So I have a new dating book that I will not shut up about. It has such a cheesy title, but tons of excellent advice and it’s called “You Lost Him at Hello”
The book talks about many things that are in every dating/self-help book (for a reason)- knowing and loving yourself, being confident, looking your best in order to feel confident, becoming a more interesting person (be the person your ideal person would want to date), etc. It also made some good points I had never thought about:
You know when you have a great date or a great couple of dates with someone, you’re totally feeling the chemistry, everything is going amazing, and then all of a sudden poof he’s gone? Well you know how we women can see one behavior, see one weird outfit, hear something we don’t like, etc. and be completely turned off? Well, so can dudes! This doesn’t mean you have to act perfect it just means they’re not the right one for you. It doesn’t necessarily mean you did something “wrong” it just wasn’t a match. Don’t waste your time worrying about it #ONTOTHENEXTONE
GHOSTING: Another ghosting tip- if a man ghosts you there is no need to send him 10 more humiliating text messages trying to get him to own up to his behavior or give you a reason why he no longer wants to see you. If he does give you a reason, it’s probably sugar coated to spare you from the truth. When a guy disappears or says they don’t want to be with you that’s the end of the conversation not the beginning of negotiations (or the end of your dignity).

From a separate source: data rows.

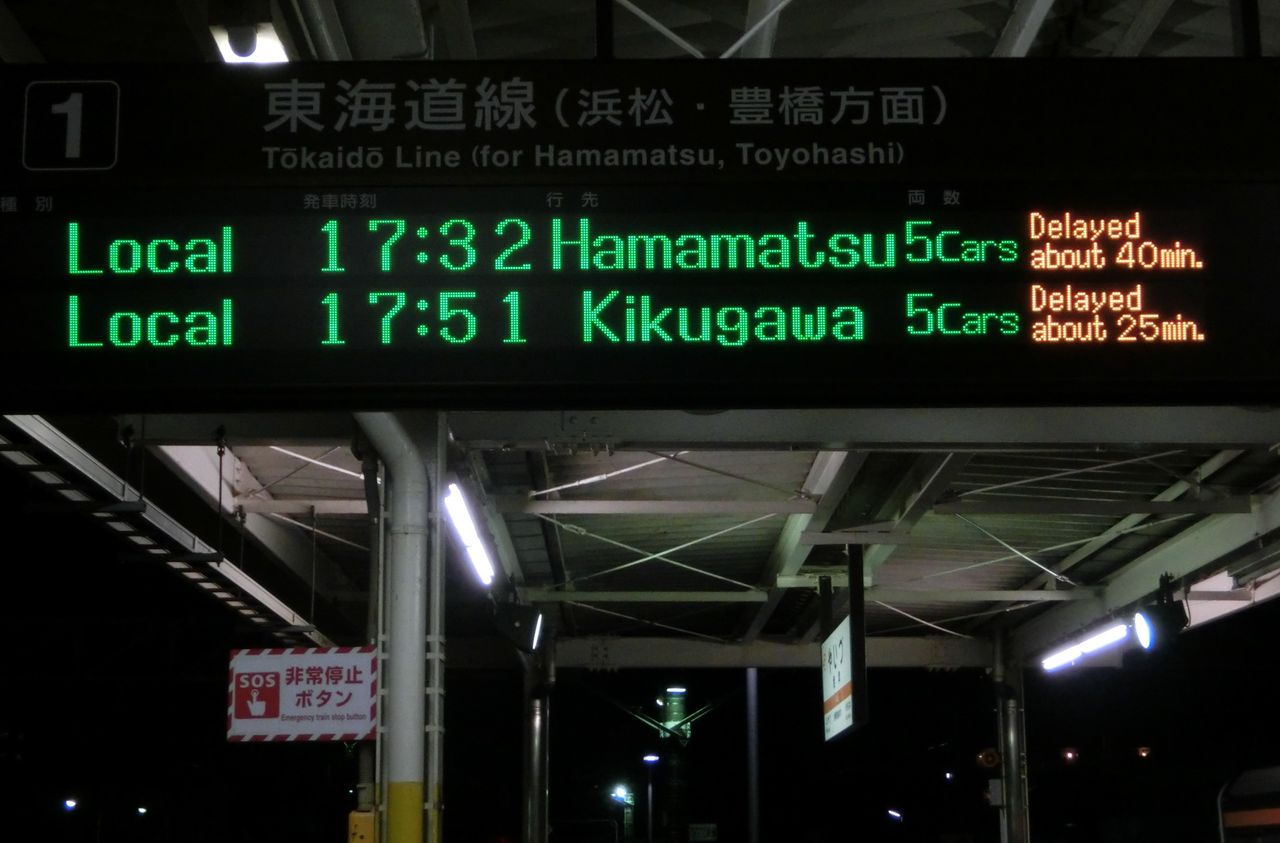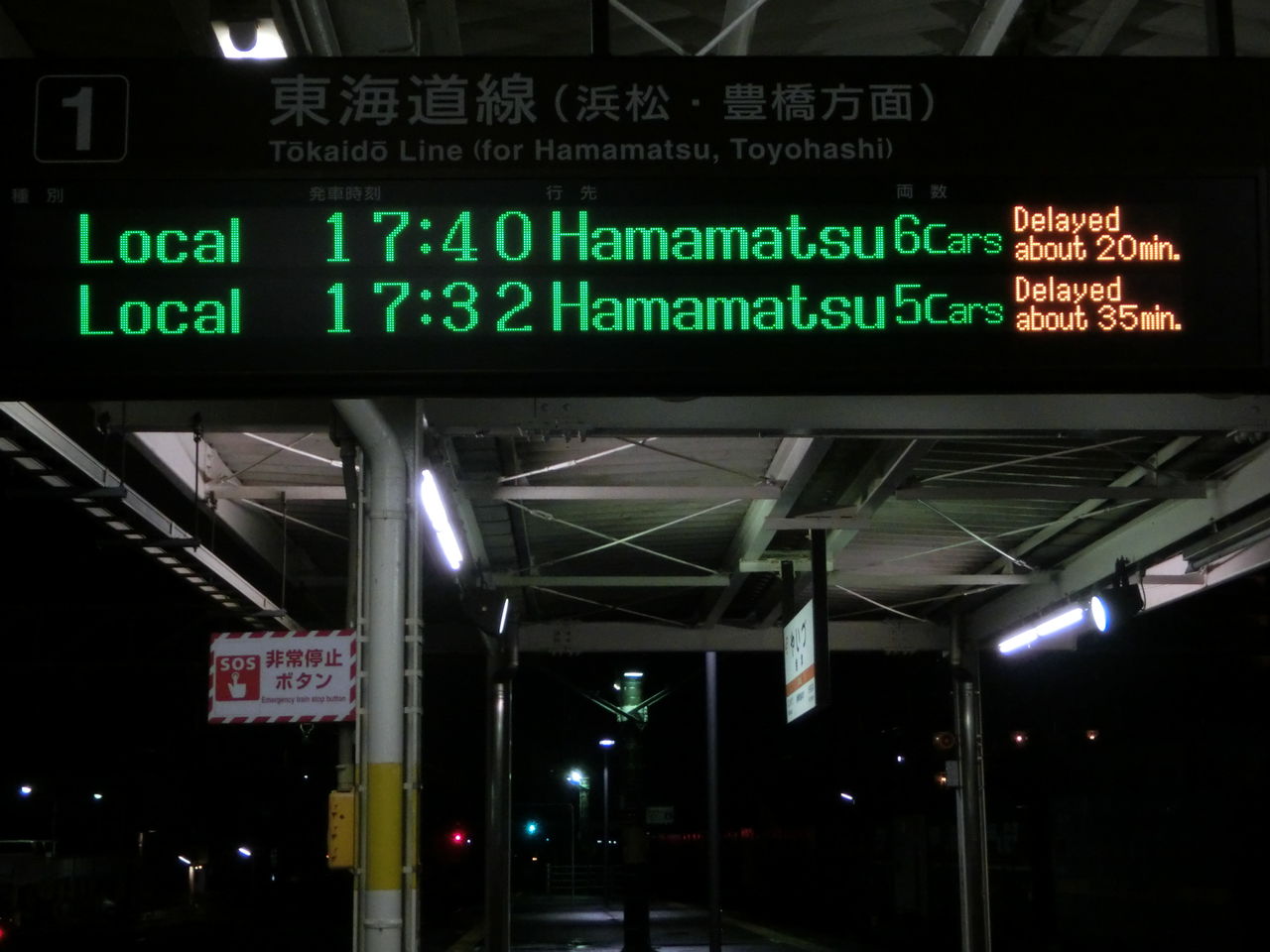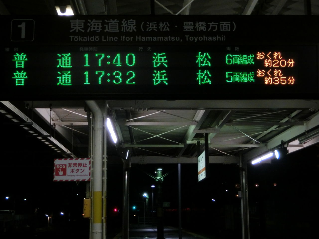通常であれば 17時32分発の浜松行きが先に来るはずですが、35分も遅れているため、発車順が入れ替わっています。
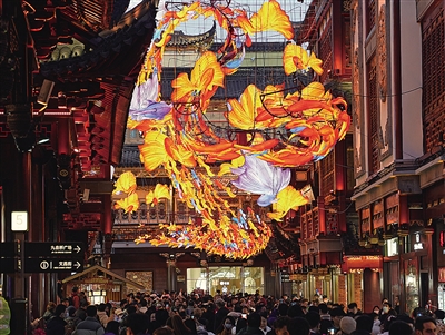 上海豫园商城观灯人潮。记者 刘颖 摄
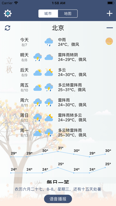 城市天气界面简洁,采用纵向展示7天天气,带有农历24节气信息,语音播报简单明了。
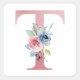 Elegant, Feminine and pretty letter T floral monogram sticker. features blue and pink flowers and greenery accents with faux pink foil typography. You can personalize by adding a name This floral letter T monogram sticker will be perfect as a gift.
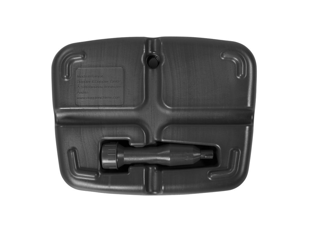 Doppler balkon PE výplňový podstavec 17 l - vhodný pro slunečníky do cca 180 cm. Plnicí základna z PE o objemu 17 litrů je ideální pro menší slunečníky na vašem balkoně nebo střešní terase a díky malé kapacitě se snadno přemisťuje, i když je plná. Pro zajištění optimální stability doporučujeme naplnit základnu vodou nebo pískem.
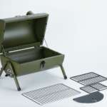 ▲焼き網、炭置き網、火床仕切り板などが付属する。本体サイズは約W42×D29×H37cmとコンパクトな設計
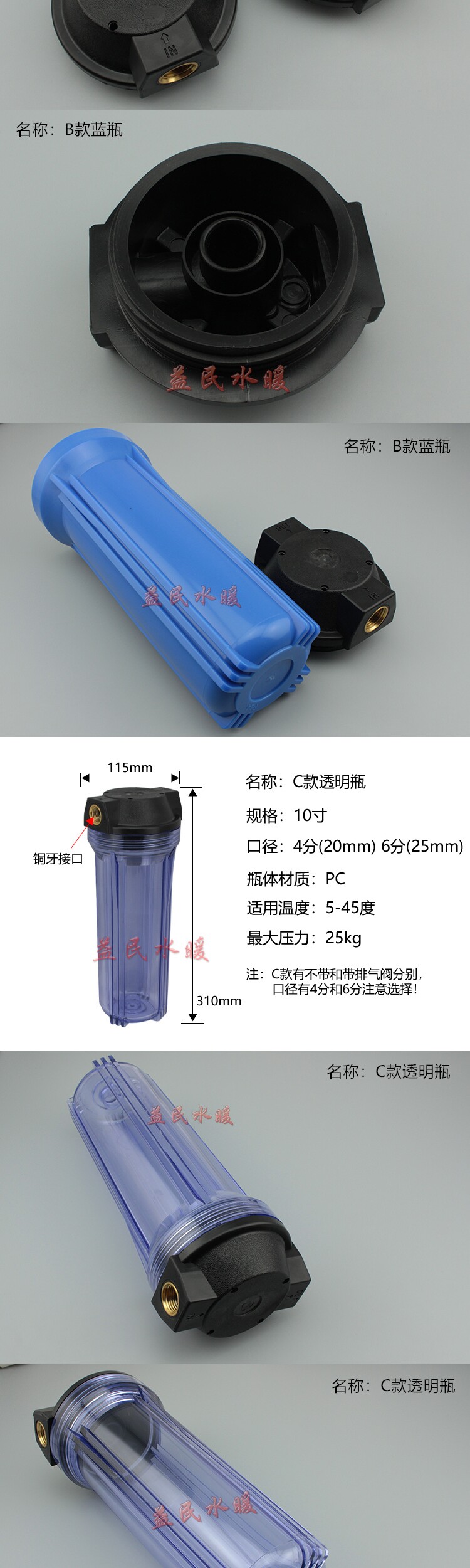 10 -зонтальный прозрачный взрыв -Проницаемый фильтр бутылка передний фильтр передний фильт

LEVEL OF INTEREST: This is another biggie. If a man is showing low or moderate interest (c’mon don’t lie to yourself) don’t waste your time wondering why? Or what did I do wrong? Just accept it as information about them and adjust your expectations accordingly.
If I could sum up this book in one word I would pick “CHILL.” Relax. Don’t be so anxious to get into a relationship. Don’t try to hit the gas pedal as soon as you meet someone to try to make it to your fairytale ending before you turn into a pumpkin. Don’t try to speed up the “getting to know you” phase by having marathon or sleepover dates in the beginning. Have fun with dating, work at it, have a good strategy, but do not let it consume you and don’t focus too much on 1 person especially early on. I think this is personally one of my biggest issues and I’m so glad I read this book because it helped me take a good hard look at myself and what I’m doing and what I could be doing better.
One last note- I listened to this book on Audible and if you do that make sure you speed up the narrator to at least x1.5 because she speaks painfully slow. I’ve read a lot of dating books and this one is honestly one of my favorites! Enjoy!